A chatbot is an application of a large language model.
contextualized language embedding
An embedding that comes close to "understanding" words and phrases in ways that native human speakers can. Contextualized language embeddings can understand complex syntax, semantics, and context.
For example, consider embeddings of the English word cow. Older embeddings such as word2vec can represent English words such that the distance in the embedding space from cow to bull is similar to the distance from ewe (female sheep) to ram (male sheep) or from female to male. Contextualized language embeddings can go a step further by recognizing that English speakers sometimes casually use the word cow to mean either cow or bull.
context window
The number of tokens a model can process in a given prompt. The larger the context window, the more information the model can use to provide coherent and consistent responses to the prompt.
D
direct prompting
Synonym for zero-shot prompting.
distillation
The process of reducing the size of one model (known as the teacher) into a smaller model (known as the student) that emulates the original model's predictions as faithfully as possible. Distillation is useful because the smaller model has two key benefits over the larger model (the teacher):
- Faster inference time
- Reduced memory and energy usage
However, the student's predictions are typically not as good as the teacher's predictions.
Distillation trains the student model to minimize a loss function based on the difference between the outputs of the predictions of the student and teacher models.
Compare and contrast distillation with the following terms:
See LLMs: Fine-tuning, distillation, and prompt engineering in Machine Learning Crash Course for more information.
E
evals
Primarily used as an abbreviation for LLM evaluations. More broadly, evals is an abbreviation for any form of evaluation.
evaluation
The process of measuring a model's quality or comparing different models against each other.
To evaluate a supervised machine learning model, you typically judge it against a validation set and a test set. Evaluating a LLM typically involves broader quality and safety assessments.
F
factuality
Within the ML world, a property describing a model whose output is based on reality. Factuality is a concept rather than a metric. For example, suppose you send the following prompt to a large language model:
What is the chemical formula for table salt?
A model optimizing factuality would respond:
NaCl
It is tempting to assume that all models should be based on factuality. However, some prompts, such as the following, should cause a generative AI model to optimize creativity rather than factuality.
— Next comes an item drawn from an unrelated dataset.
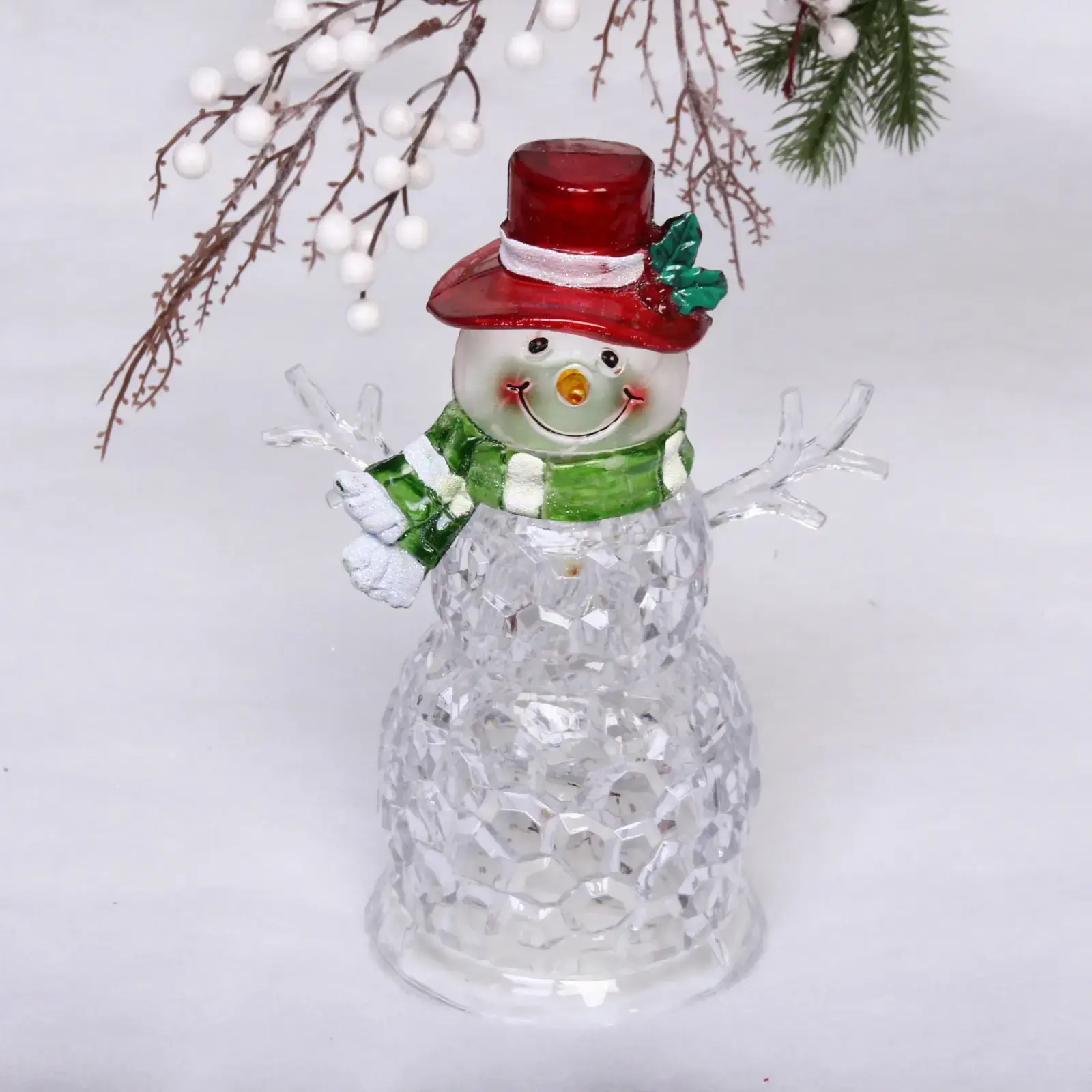 Светящийся снеговик 'Хрустальный', 24*17.8 см, пластик, с подсветкой

Tell me a limerick about an astronaut and a caterpillar.
It is unlikely that the resulting limerick would be based on reality.
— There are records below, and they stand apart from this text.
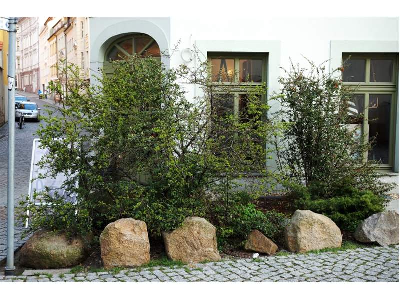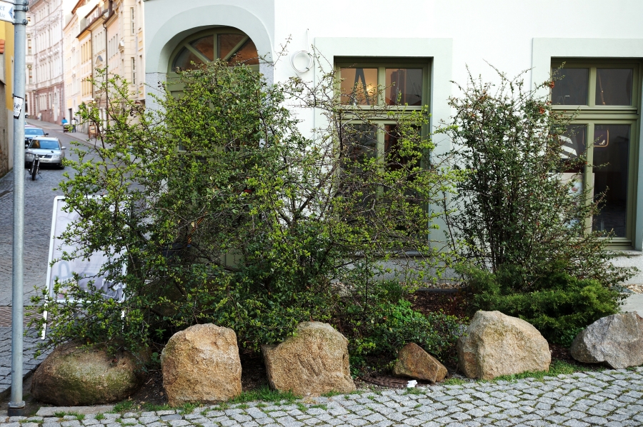 Entwicklungshabitat und Fundort der Blattminen von Phyllonorycter leucographella: Sträucher des Feuerdorns in Bautzen im März 2014 (© Friedmar Graf)( Bild vergrößern)
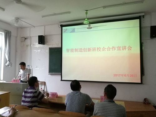 2017年6月26日下午4点50分,我系在2205多媒体教室召开首期“智能制造创新班”校企合作宣讲会,会议特别邀请了上海润品科技有限公司的贾方经理来给同学们进行宣讲,同时与会的还有分校校长助理刘高鹏、我系主任黄荣学、副主任甘卓权及智能制造生产线相关负责人。此次宣讲会吸引了我系许多有意参加创新班的同学,大家齐聚这里了解创新班的相关培训内容及报名要求。
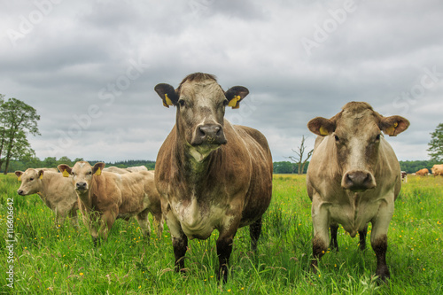 Two curious adult cows and two calves are observing the photographer from a natural meadow with long green grass and dark rain clouds
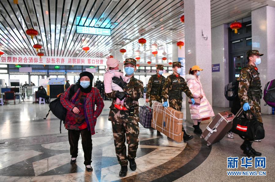 1月28日,武警甘肅總隊蘭州支隊執勤官兵在蘭州火車站幫助旅客進站。

Contrast with groundedness.
few-shot prompting
A prompt that contains more than one (a "few") example demonstrating how the large language model should respond. For example, the following lengthy prompt contains two examples showing a large language model how to answer a query.
Parts of one prompt | Notes |
---|---|
What is the official currency of the specified country? | The question you want the LLM to answer. |
France: EUR | One example. |
United Kingdom: GBP | Another example. |
India: | The actual query. |
Few-shot prompting generally produces more desirable results than zero-shot prompting and one-shot prompting. However, few-shot prompting requires a lengthier prompt.
Few-shot prompting is a form of few-shot learning applied to prompt-based learning.
See Prompt engineering in Machine Learning Crash Course for more information.
fine-tuning
A second, task-specific training pass performed on a pre-trained model to refine its parameters for a specific use case. For example, the full training sequence for some large language models is as follows:
- Pre-training: Train a large language model on a vast general dataset, such as all the English language Wikipedia pages.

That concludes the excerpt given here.